- The Washington Times - Tuesday, January 13, 2015

Lawmakers wrestled Tuesday with how to define and respond to cyberattacks on the U.S. after recent hacks by North Korea and supporters of the Islamic State terrorist movement,

“If you have a cyber Pearl Harbor, is that an act of war?” said Rep. Gerald Connolly, Virginia Democrat, at a briefing the House Foreign Affairs Committee held to get up to speed on the issue.

Officials from the State Department, Treasury Department and Homeland Security Department all declined to say whether the Sony hack qualified as an act of terrorism

Rep. Ted Poe, Texas Republican, said he thought it was terrorism and said it should earn North Korea a place on the U.S.’s list of state sponsors of terrorism.

“I don’t know why we are so timid in doing that, it seems like the right thing to do, the logical thing to do,” he said. “I hope the State Department eventually makes up its mind before more of these attacks occur against the United States.”

As retaliation for “The Interview,” a movie depicting the assassination of Kim Jong-un, the North Korean government hacked into Sony Pictures’ computer systems late last year and leaked embarrassing emails. The hackers also threatened violence in any movie theater that showed the movie, prompting the studio to pull its release — though it later released it online and in some independently owned theaters.

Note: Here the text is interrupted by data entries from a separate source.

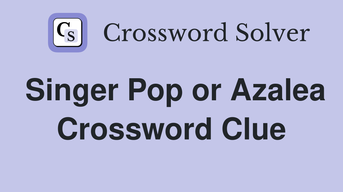 Singer Pop or Azalea Crossword Clue Answers Crossword Solver
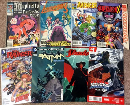 I found myself working toward an ‘even number’ for my mental math of my stack, so grabbed a couple random-ish issues. One of the store workers was sorting through a small box of comics and tossed some more “recent” releases on the quarter bins…functionally giving me first crack at ’em, so I snagged the bottom row above.
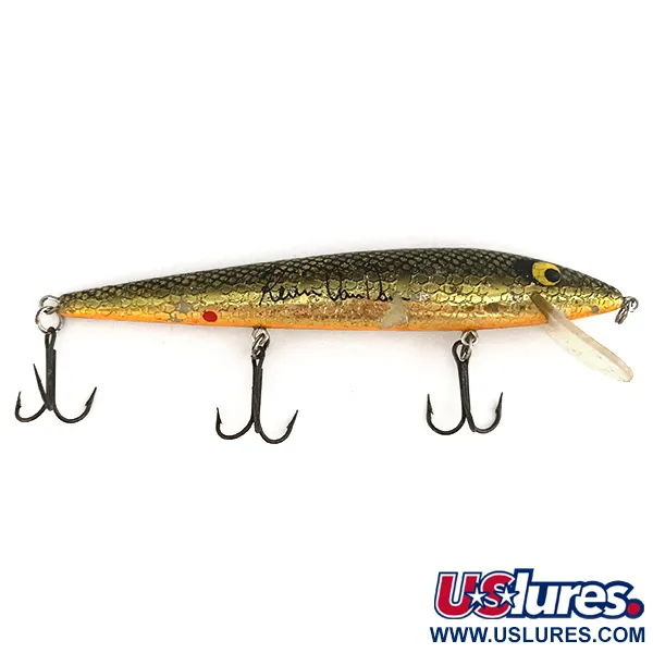 Goldfarbene Schuppen im Avocado Shad-Muster zieren den schlanken Körper dieses klassischen Smithwick Suspending Rattlin’ Rogue. Mit einer Länge von 11,5 cm (4 1/2") ist der Köder mit drei Drillingen ausgestattet und trägt den für den Produktcode 7441 typischen Aufdruck „SUSPENDING ROGUE“ auf dem Bauch. Das Gewicht von 10 g (1/3 oz) ist für eine schwebende (suspending) Präsentation perfekt ausbalanciert, wodurch er beim Werfen Tiefen von 0,3 m bis 2,0 m (1 ft - 6,5 ft) und beim Schleppen 3,0 m bis 4,0 m (10 ft - 13 ft) erreicht. Dieses Exemplar befindet sich im Zustand 4/5 und weist leichte Gebrauchsspuren an den Schuppen und der klaren Tauchschaufel auf. Eine interne Rassel sorgt für akustische Reize beim Einholen und vervollständigt das technische Profil dieses klassischen amerikanischen Jerkbaits.
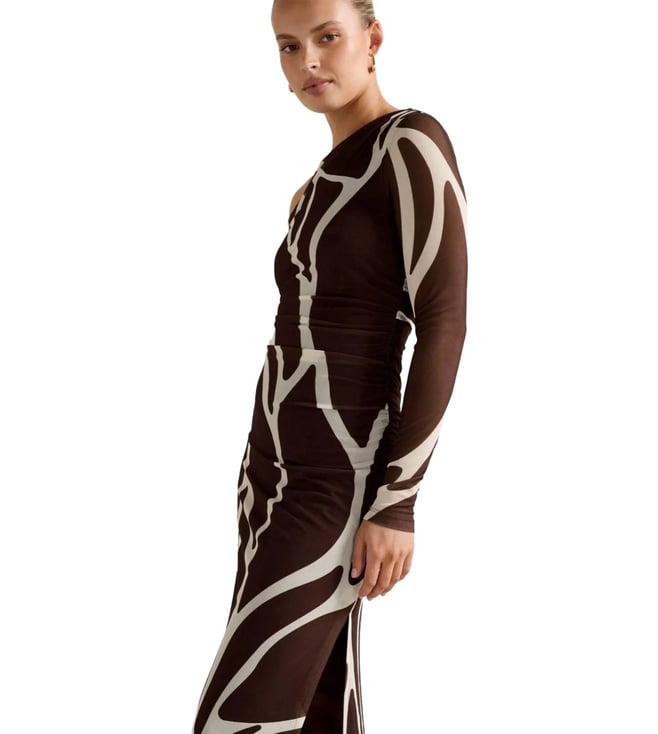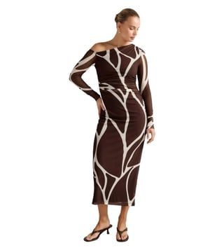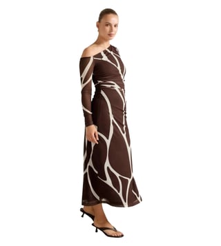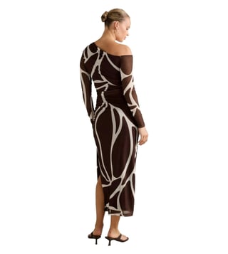 Elevate your evening look with the Gemma Tipped Shoulder Midi Dress from Forever New. This dress combines feminine glamour with a touch of edge, featuring an asymmetric neckline, abstract print, and ruched detailing on the waist for a flattering silhouette. Made from comfortable knit fabric with a minimum of 50 percent recycled polyester, this dress is not only stylish but also sustainable. Perfect for special occasions, this dress is lined for added comfort and has a side slit for ease of movement.
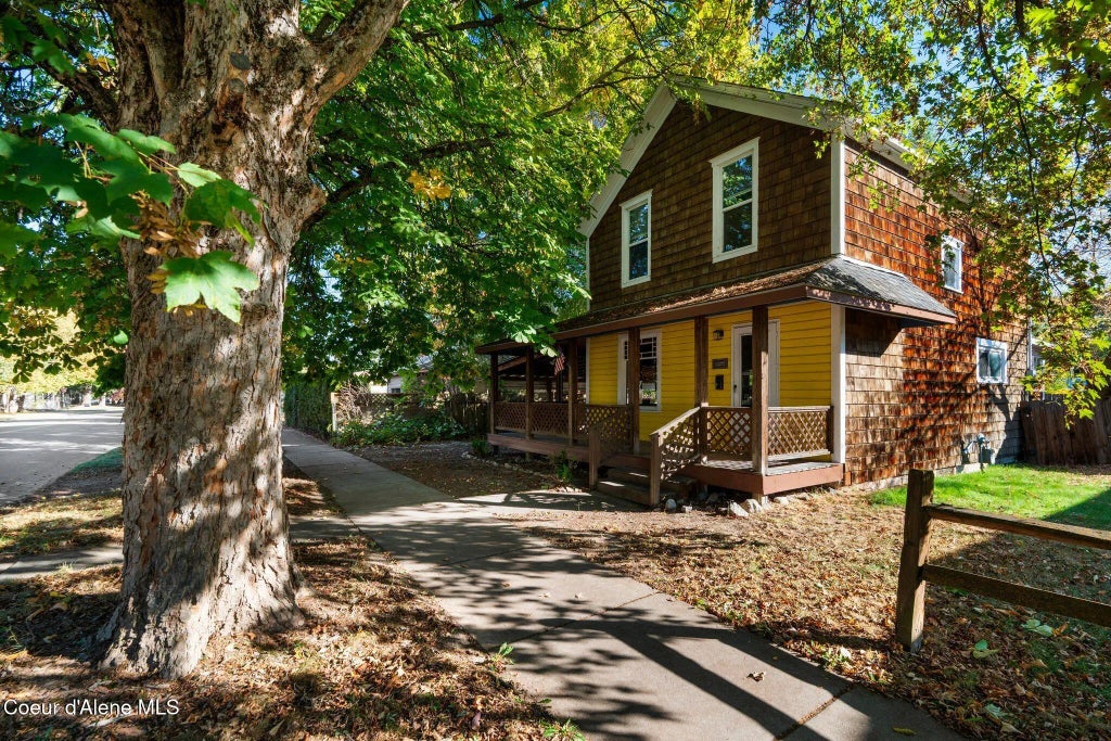 Classic home, nicely updated and located on a beautiful tree lined street in Sandpoint. Welcoming wrap-around covered deck and inviting living room with high ceilings, T&G wood accents and opens to the dining room & kitchen. Two spacious bedrooms and an updated bathroom with tile counters, tub/shower surround. Laundry room with counter area and access to a fenced back yard that has plenty of space for a garage or apartment that can be built with alley access. Covered carport, storage building and newer furnace. Property sits on 2-city lots (25 x 142). Ting high speed internet. A stone's throw to downtown, the schools, library, parks and more! Sandpoint Idaho with endless outdoor recreational opportunities, Lake Pend Oreille for boating & fishing and Sandpoint's Ski Mountain Resort. Owner may finance!

SEE ALSO: U.S. Central Command Twitter account hacked: ‘ISIS is already here’


The Obama administration has definitively said North Korea was responsible for the hack, and last week the president issued an executive order placing new sanctions on the country.

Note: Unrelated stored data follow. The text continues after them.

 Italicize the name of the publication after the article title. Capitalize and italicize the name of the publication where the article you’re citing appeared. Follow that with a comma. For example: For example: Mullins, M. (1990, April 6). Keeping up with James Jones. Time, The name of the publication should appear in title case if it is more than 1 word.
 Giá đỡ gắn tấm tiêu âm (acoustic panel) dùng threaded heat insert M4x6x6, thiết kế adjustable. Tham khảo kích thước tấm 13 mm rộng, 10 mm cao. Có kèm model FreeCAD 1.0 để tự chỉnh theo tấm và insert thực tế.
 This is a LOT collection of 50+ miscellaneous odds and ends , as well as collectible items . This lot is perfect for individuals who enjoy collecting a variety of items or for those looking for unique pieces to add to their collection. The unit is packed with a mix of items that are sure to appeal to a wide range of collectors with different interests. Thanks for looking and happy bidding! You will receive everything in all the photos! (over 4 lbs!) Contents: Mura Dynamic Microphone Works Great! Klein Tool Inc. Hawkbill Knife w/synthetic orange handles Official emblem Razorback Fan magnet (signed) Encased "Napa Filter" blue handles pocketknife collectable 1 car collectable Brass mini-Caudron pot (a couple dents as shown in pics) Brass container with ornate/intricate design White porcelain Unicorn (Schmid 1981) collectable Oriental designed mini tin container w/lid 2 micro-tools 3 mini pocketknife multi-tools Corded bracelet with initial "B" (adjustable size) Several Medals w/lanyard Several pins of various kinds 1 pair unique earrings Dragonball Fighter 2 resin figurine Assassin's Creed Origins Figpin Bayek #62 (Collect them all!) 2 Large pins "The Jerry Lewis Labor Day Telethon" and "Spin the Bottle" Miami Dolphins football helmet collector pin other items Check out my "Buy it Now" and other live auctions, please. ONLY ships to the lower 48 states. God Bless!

President Obama, meanwhile, announced a new push Tuesday to win passage of cybersecurity legislation that he said would promote more cooperation and information sharing between the government and private sector.

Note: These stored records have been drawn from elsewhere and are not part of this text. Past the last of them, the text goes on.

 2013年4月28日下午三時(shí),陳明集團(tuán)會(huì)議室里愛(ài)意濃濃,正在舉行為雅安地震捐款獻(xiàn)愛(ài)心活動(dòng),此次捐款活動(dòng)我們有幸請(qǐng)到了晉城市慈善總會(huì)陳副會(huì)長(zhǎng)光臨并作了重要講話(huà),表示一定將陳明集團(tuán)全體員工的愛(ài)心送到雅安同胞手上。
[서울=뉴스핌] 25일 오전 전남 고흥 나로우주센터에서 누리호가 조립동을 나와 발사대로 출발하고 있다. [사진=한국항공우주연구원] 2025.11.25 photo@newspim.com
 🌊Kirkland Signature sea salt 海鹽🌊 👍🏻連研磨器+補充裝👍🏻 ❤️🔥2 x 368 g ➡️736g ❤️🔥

The bill will urge private entities to share any cyberthreat information with the Department of Homeland Security and other federal agencies. In exchange, companies will be eligible for targeted liability protection if they also take steps to protect Americans’ private information, White House officials said.

The White House announced a summit on cybersecurity and consumer protection to be held at Stanford University next month.

Some lawmakers had specific ideas for more retaliation against those who sponsor cyberattacks. Rep. Brad Sherman, California Democrat, said the U.S. should find a way to broadcast “The Interview” into North Korea.

“I can’t think of anything we can do for $8 million that would better express our dedication to the First Amendment and pose difficulties for the North Korean regime,” he said, adding that he would show them the director’s cut of the movie, which includes a more gruesome scene of the North Korean leader being killed.

The administration said it is investigating the breach of U.S. Central Command’s Twitter and YouTube accounts by hackers. Backers of the Islamic State claimed credit for using the accounts to post warnings to U.S. troops to watch their backs.

No military or confidential information was compromised, said Brig. Gen. Gregory J. Touhill, deputy assistant secretary for cybersecurity operations and programs at the Department of Homeland Security.